* WHAT IS REQUIRED *
Skip every picture, and output exactly the lines starting at the one with "Der körpernahe Schnitt" and running through the last line of the material below.
::: MATERIAL PROVIDED
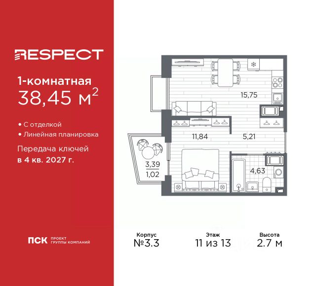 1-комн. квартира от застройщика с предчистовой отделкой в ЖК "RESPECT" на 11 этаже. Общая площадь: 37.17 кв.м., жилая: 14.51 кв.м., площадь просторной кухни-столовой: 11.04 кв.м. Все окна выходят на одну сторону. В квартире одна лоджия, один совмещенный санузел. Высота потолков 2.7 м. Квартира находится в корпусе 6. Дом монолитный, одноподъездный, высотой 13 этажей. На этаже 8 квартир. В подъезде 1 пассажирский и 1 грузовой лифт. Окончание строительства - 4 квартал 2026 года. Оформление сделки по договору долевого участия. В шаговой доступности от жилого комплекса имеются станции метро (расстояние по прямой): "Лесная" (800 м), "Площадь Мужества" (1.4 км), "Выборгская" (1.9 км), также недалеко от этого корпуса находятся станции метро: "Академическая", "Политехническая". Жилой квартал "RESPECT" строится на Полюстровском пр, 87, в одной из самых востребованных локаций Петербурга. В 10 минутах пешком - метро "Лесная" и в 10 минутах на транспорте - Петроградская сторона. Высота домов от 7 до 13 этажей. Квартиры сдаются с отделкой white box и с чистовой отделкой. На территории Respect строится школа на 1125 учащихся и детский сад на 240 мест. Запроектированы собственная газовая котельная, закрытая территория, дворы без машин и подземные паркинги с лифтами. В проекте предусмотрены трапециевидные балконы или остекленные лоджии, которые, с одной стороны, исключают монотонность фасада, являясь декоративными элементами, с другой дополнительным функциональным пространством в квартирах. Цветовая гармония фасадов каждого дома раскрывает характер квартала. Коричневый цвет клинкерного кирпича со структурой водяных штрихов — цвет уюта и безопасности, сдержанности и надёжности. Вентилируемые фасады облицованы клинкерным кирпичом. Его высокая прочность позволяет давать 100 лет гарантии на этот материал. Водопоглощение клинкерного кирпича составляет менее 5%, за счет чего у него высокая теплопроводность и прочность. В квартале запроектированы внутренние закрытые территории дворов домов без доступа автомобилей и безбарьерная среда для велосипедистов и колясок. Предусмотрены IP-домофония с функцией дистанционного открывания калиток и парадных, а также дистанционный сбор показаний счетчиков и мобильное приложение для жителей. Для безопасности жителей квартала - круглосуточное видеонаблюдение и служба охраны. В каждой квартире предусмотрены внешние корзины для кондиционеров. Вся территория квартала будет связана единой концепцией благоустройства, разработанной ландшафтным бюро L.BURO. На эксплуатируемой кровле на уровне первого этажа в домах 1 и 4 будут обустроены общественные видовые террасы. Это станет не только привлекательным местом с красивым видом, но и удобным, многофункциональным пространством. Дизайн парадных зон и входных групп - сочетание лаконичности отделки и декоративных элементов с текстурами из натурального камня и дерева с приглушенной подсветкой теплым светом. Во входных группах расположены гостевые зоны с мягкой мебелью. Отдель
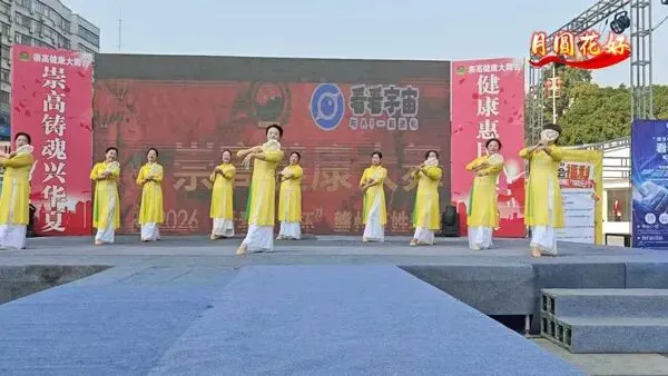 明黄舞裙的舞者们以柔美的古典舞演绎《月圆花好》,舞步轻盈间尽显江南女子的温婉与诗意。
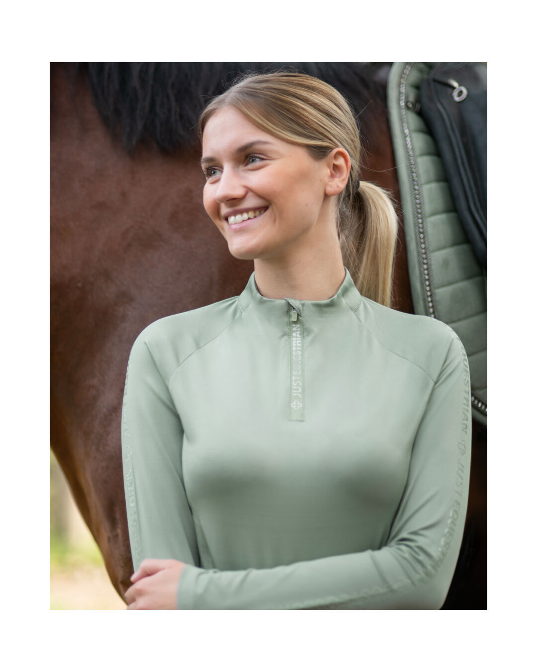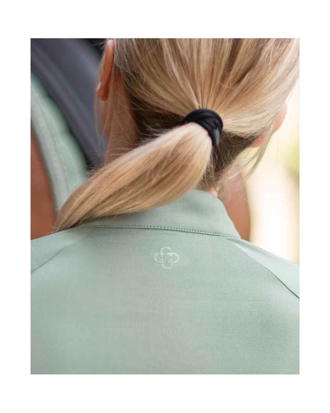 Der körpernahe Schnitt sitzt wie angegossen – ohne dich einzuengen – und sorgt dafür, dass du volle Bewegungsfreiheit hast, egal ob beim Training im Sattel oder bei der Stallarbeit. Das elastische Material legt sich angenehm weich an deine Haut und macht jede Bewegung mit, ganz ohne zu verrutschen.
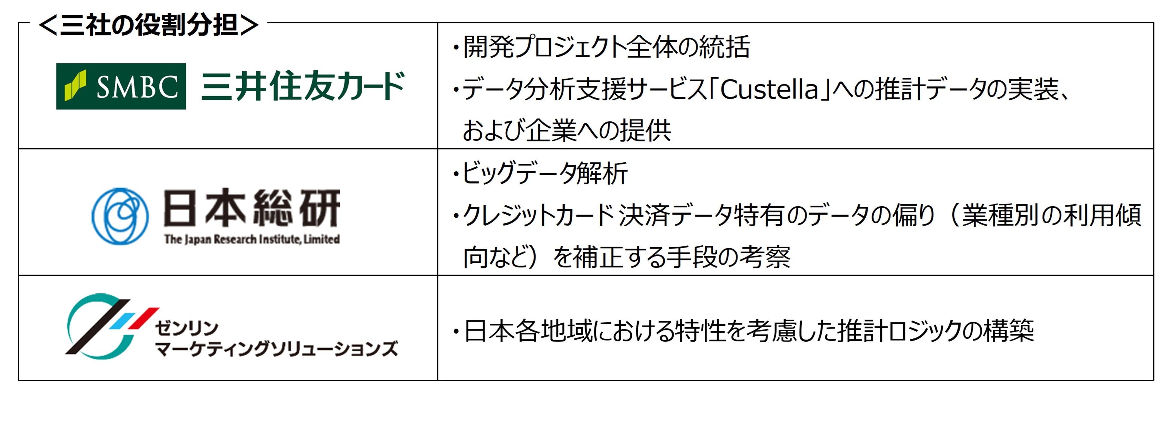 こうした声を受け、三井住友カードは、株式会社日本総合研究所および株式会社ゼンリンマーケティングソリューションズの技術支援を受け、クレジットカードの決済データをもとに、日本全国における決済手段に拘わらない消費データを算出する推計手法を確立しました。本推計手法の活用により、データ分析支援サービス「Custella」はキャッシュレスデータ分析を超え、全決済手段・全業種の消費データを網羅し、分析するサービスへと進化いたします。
::::::
* ANSWER TO THIS EXERCISE *
 Der körpernahe Schnitt sitzt wie angegossen – ohne dich einzuengen – und sorgt dafür, dass du volle Bewegungsfreiheit hast, egal ob beim Training im Sattel oder bei der Stallarbeit. Das elastische Material legt sich angenehm weich an deine Haut und macht jede Bewegung mit, ganz ohne zu verrutschen.
 こうした声を受け、三井住友カードは、株式会社日本総合研究所および株式会社ゼンリンマーケティングソリューションズの技術支援を受け、クレジットカードの決済データをもとに、日本全国における決済手段に拘わらない消費データを算出する推計手法を確立しました。本推計手法の活用により、データ分析支援サービス「Custella」はキャッシュレスデータ分析を超え、全決済手段・全業種の消費データを網羅し、分析するサービスへと進化いたします。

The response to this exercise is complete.